Well the first .bikemd demo code was so easy, only a few hours!
Then I started to encounter all the things that didn’t quite work. Ugh!
The problem is Bike’s data model and Markdown’s data model don’t align everywhere. Each can express things the other cannot. For Bike .bikemd the goal is a file format for Bike, it should be able to express the full Bike outline data model.
To make that work I have limited the set of supported markdown to simple ordered and unordered lists. (Bike will load other markdown, but it just scans for chunks of text and adds that to outline, doesn’t try to encode structure).
To encode Bike row and text run attributes that don’t have a corresponding Markdown syntax, Bike uses Pandoc attributes. Previously I was using embedded HTML tags, but those don’t work well recursively, where Pandoc attributes do.
Another issue that I’m running into is some attributed string patterns are just not expressible in Markdown. For example abc where ab is bold and bc is italic can’t be expressed, but being able to express those sorts of overlaps is important to support Bike’s data model. To solve this I’m trying to detect these cases, and when it’s a problem I use pandoc attributes to express the formatting instead of markdown syntax.
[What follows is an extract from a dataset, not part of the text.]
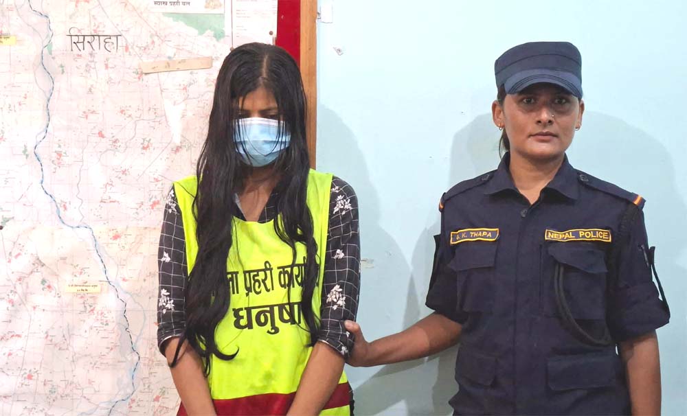 जनकपुरधाम, ५ साउन । जनकपुरधाममा विवाहेत्तर सम्बन्धको कारण हत्या भएको घटनामा प्रहरीले एक युवतीलाई पक्राउ गरेको छ । पक्राउ पर्नेमा महोत्तरीको बनौटा घर भई जनकपुरधाम उपमहानगरपालिका वडा नं. ४ स्थित डेरा गरी बस्ने २१ वर्षीया जुली झा रहेको प्रहरीले जनाएका छन् । सोमवार जिल्ला प्रहरी कार्यालय धनुषामा आयोजित पत्रकार सम्मेलनमा प्रहरीले युवतीलाई सार्वजनिक गरेको हो । शनिवार राति करिब साढे ३ बजेको समयमा महोत्तरीको पर्सा गाउँँपालिका १, पर्सा टोल बस्ने ३२ वर्षीय विमलेश यादवको जनकपुरधाम स्थित जीरोमाईलमा रहेको होटेलमा मृत फेला परेका थिए । धनुषाका प्रहरी उपरीक्षक नरहरी रेग्मीले दुबैजना सम्बन्धमा रहेको समयमा भएको विषयमा विवाद हुँदा युवतीले युवकको हत्या गरेको देखिएको बताएका छन। विवाहित युवक यादव र आरोपित झाबीच अबैध सम्बन्ध रहेको प्रहरीले जानकारी दिएको छ। उक्त सम्बन्धको क्रममा बनाएको भिडियो देखाएर युवकले युवतीलाई ब्लाकमेल गर्दै आएका थिए । शनिवार राति करिब १० बजेको समयमा जीरोमाईलस्थित रहेको होटेल एसपी एण्ड गेष्ट हाउसको १०२ नम्बर कोठामा दुबैजना सँगै बसेका थिए । राति २ बजेर ५७ मिनेटमा युवक रगतले भरिएको अवस्थामा पहिलो तल्लाबाट नग्न अवस्थामा झरेका थिए । ३ बजेर ४ मिनेटमा युवती भागेको सिसिटीभी फुटेजमा देखिएको प्रहरी प्रवक्ता प्रहरी नायव उपरीक्षक बरूणबहादुर सिंहले बताए । युवतीलाई आइतवार दिउँसो १२ बजे महोत्तरीको परौलतर्फ भाग्दै गरेको अवस्थामा पक्राउ गरिएको सिंहले बताए । यस सम्बन्धमा थप अनुसन्धान भइरहेको जिल्ला प्रहरी कार्यालय धनुषाले जनाएको छ ।

Here are some examples of what you might see:
// Normal markdown when possible:
**hello**
// Use pandoc attributes when not expressible in Markdown (such as for highlighting):
[hello]{mark}
// These syntaxes can be combined:
[**hello**]{mark}
// Custom attributes attached to strong:
**hello**{a=b}
// Use pandoc attributes to represent things Markdown cannot (like `abc` case)
- **a*b***[c]{em}
For rows Bike body rows are mapped to simple unordered list, but then what is Bike unodered row type mapped to? It is also mapped to markdown unordered list, but it also gets row level {type=unordered} attribute so that type is preserved when round-tripping through Markdown.
Please give the new format representation a try and let me know how it goes and what you think.
The goals are:
- Round trip Bike outline doesn’t loose data (#id support still needed)
- Readable/editable elsewhere “standard as possible” markdown
I think this really opens up some possibilities with Bike, but it’s also more limited in some ways then the original .bikemd format. No special heading treatment, the end result doesn’t look like a document, it will always be a list.
I think longer term it will make sense to have a “publish” feature that processes your carefully constructed outline into something that looks more like a published markdown document, but that’s not what this file format will be for.